ANSWER: 46.2 acres (1/2 mile is 2,640 feet. Use the tangent of 30 degrees to find the length of the opposite side is 1,523.28 feet. The area is base times height divided by 2, or 2,010,729.6 square feet. There are 43,560 square feet in an acre.)
3. You could get the whole series of annual U.S. corn yields from nass.usda.gov, but let's say all you know is that average yield was 127.1 bpa in 1996, 142.2 in 2003, and is now estimated at 174.2 in 2014. Assume the yield trend is linear and give an estimate for what U.S. average corn yields will be in 2015.

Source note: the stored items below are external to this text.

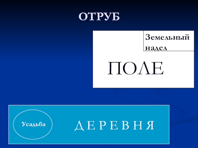 Отруб - земельный участок, выделявшийся из общинной земли в частную собственность отдельным крестьянам, где усадьба не переносится на полевой надел.
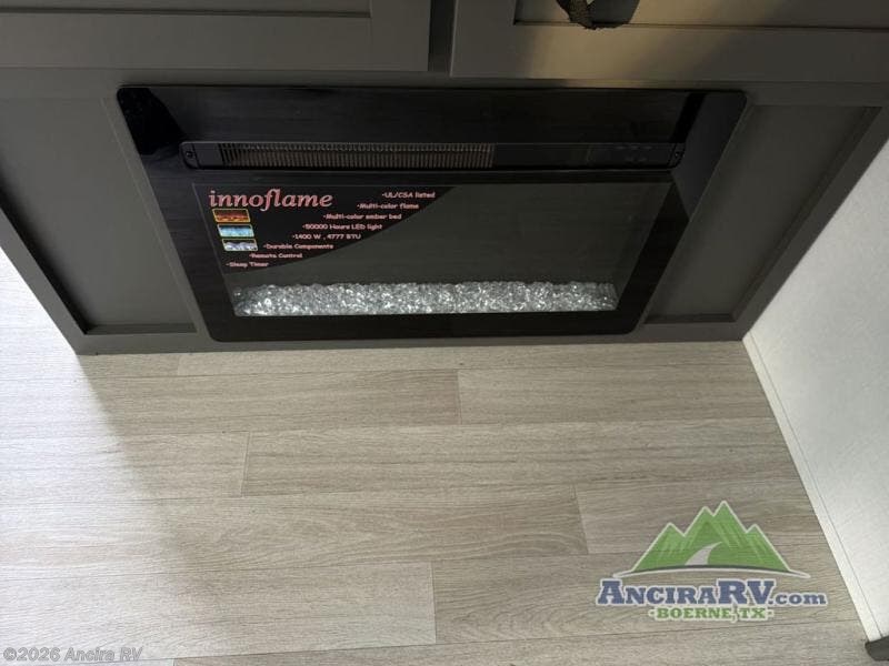 It won't be hard to feel right at home in this dual entry, front kitchen travel trailer! You will be impressed by the generous amount of solid surface countertops, along with an entryway pantry, a three burner range, and a 10 cu. ft. refrigerator. A Do-More dinette table and tri-fold sofa sit within a slide for more space, and the entertainment center with a fireplace is in great viewing for movie night. A walk-thru bath leads to the rear master bedroom, complete with a king bed slide, hanging storage, a wardrobe, and a dresser for ample storage space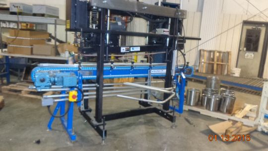 Powered Lid Closer with SpanTech Conveyor on Heavy-Duty Stand (LOCATED IN IOWA, RIGGING INCLUDED WITH SALE PRICE)***EUSA***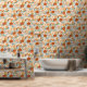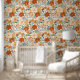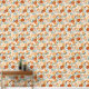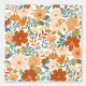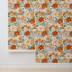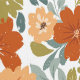 Blumenmuster mit warmen Herbstfarben in gebrannten Orangen, weichem Beige und gedämpften Grüntönen. Stilvolle Blume und zarte Blätter verstreut.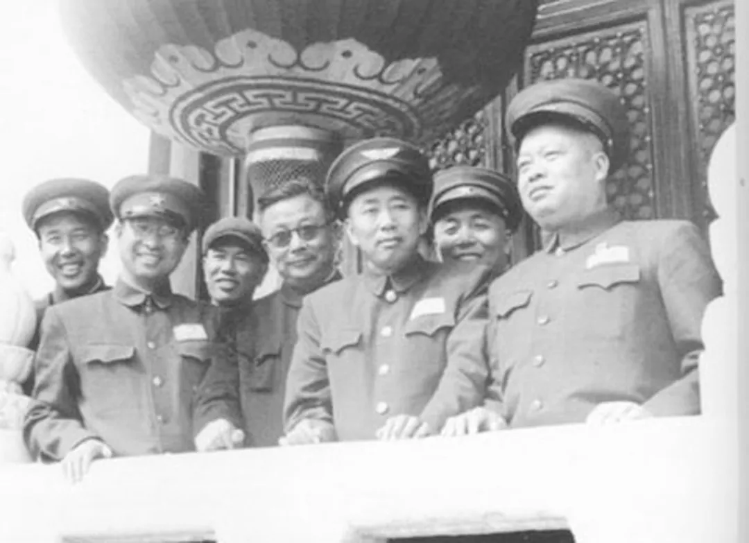 ◆1945年8月,李克农(左一)在延安机场为毛泽东赴重庆谈判送行。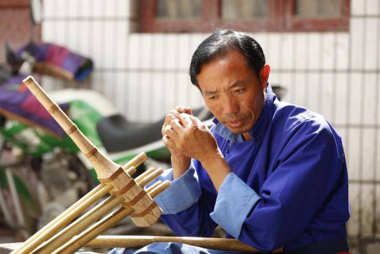 最難的是敲打簧片、割簧片、校單音、校和音這四個程序,最細致,最需要掌握的就是割簧片。把竹管的聲音和簧片的聲音全部調(diào)成一致,然后還要校正聲音。把單音校好以后還有雙管的,如果不把聲音校準,雙管就會和不起來,吹起來也不好聽,就不能用。

ANSWER: 176.9 bpa (Use the equation y = mx + b to find the slope of the linear trend line, then solve for y when x is 2015.)
4. You've added up what it costs to operate, insure, and finance your grain storage bins and decided your cost of carry is 4 1/2 cents per bushel per month. Today you see the March '15 corn futures contract closed at $3.57 and the May '15 contract closed at $3.65, and your local ethanol plant is bidding -24H for March delivery, -27K for April delivery, and -23K for May delivery. You want to sell some grain this afternoon with a forward contract for spring delivery, but which month offers you the best opportunity to capture the market's carry structure?
ANSWER: Sell cash corn in April. (There is only 4 cents of carry between April and May, which is less than the 4 1/2 cents it would cost you to store it for another month.)
5. Pretend we live in a world where the global stocks-to-use ratio of the corn market is a perfect predictor of price (CAUTION: THE MARKETS DON'T ACTUALLY WORK THIS WAY!). For each 0.01 increase in that ratio, this relationship suggests the corn price should fall $0.63 per bushel. Lately the price of corn has been consolidating around $3.25 per bushel, but today the USDA released a fresh monthly supply and demand report. They left global total use constant at 973 million metric tons, but lowered the global ending stocks from 190 mmt to 185 mmt. Estimate what you think the corn price will be after the report.
ANSWER: $3.57 (The price is expected to move up $0.32 because the ratio tightened by 0.005.)
Extra Credit: By how many bushels did the USDA reduce its global ending stocks estimate in Question 5?
ANSWER: 5 million metric tons is 196.8 million bushels.